* _What needs to be done_
For the listing below, return the line containing "ฟอง ทำจนรู้ว่าคนกินชอบแบบไหน ไม่ชอบแบบไหน", the line containing "YUGIOH Elemental HERO", and all lines in between, exactly as written and nothing else.

* _Data to examine_
⟨
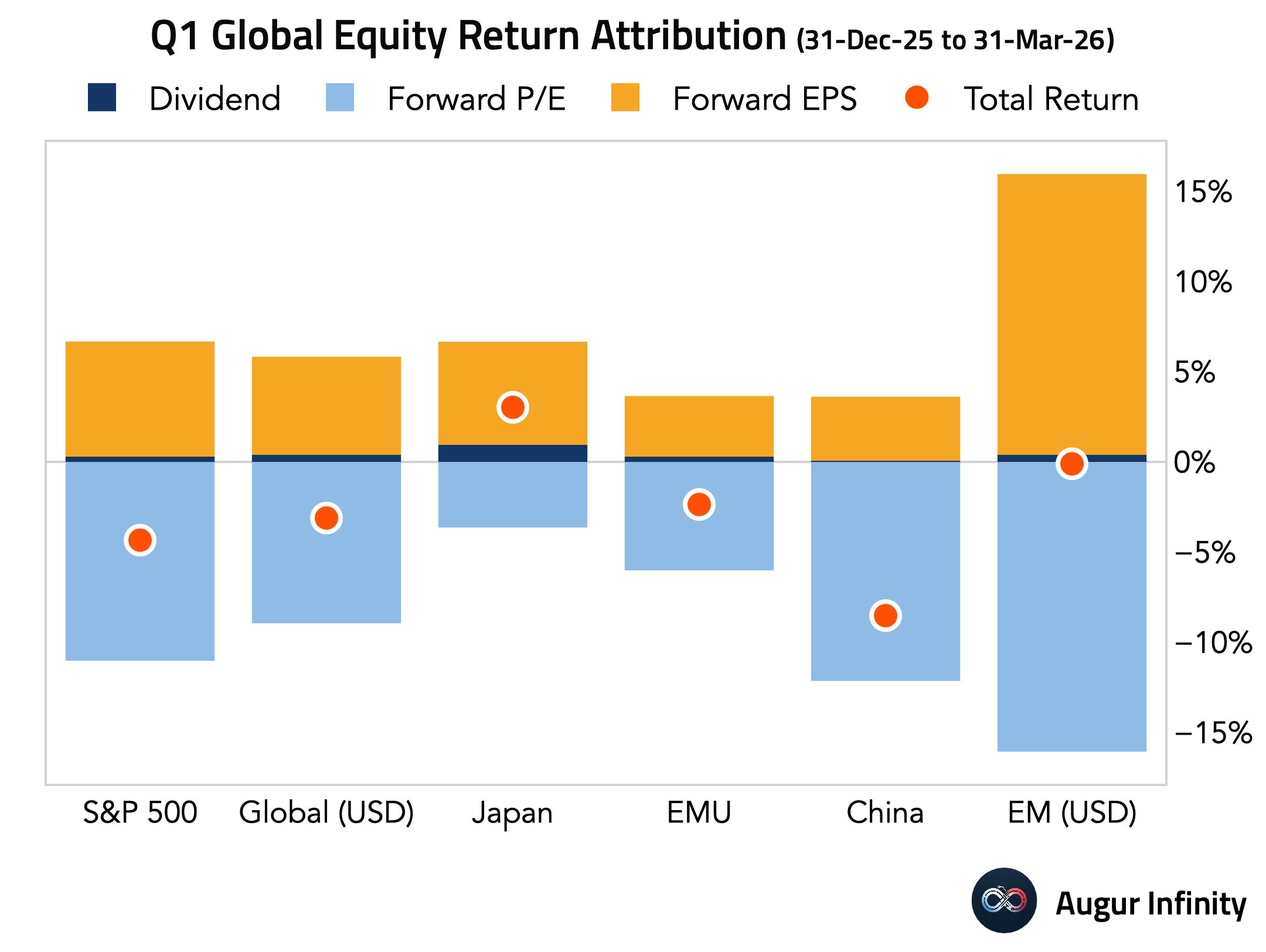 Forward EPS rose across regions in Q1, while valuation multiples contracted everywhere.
⟩
⟨
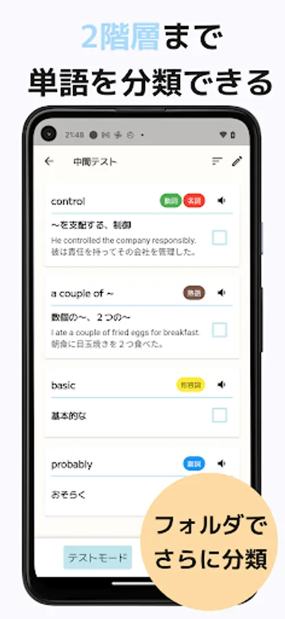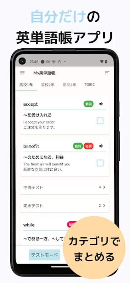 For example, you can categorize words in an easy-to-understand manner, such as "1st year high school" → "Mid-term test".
⟩
⟨
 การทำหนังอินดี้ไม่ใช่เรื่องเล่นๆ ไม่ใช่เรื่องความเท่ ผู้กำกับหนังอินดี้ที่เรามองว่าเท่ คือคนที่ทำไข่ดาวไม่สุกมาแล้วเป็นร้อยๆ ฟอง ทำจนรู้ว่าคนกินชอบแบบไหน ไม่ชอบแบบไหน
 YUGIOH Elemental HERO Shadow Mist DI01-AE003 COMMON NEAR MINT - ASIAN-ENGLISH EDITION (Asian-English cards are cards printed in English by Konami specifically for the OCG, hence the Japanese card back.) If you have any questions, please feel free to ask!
⟩
* _Answer area_
 การทำหนังอินดี้ไม่ใช่เรื่องเล่นๆ ไม่ใช่เรื่องความเท่ ผู้กำกับหนังอินดี้ที่เรามองว่าเท่ คือคนที่ทำไข่ดาวไม่สุกมาแล้วเป็นร้อยๆ ฟอง ทำจนรู้ว่าคนกินชอบแบบไหน ไม่ชอบแบบไหน
 YUGIOH Elemental HERO Shadow Mist DI01-AE003 COMMON NEAR MINT - ASIAN-ENGLISH EDITION (Asian-English cards are cards printed in English by Konami specifically for the OCG, hence the Japanese card back.) If you have any questions, please feel free to ask!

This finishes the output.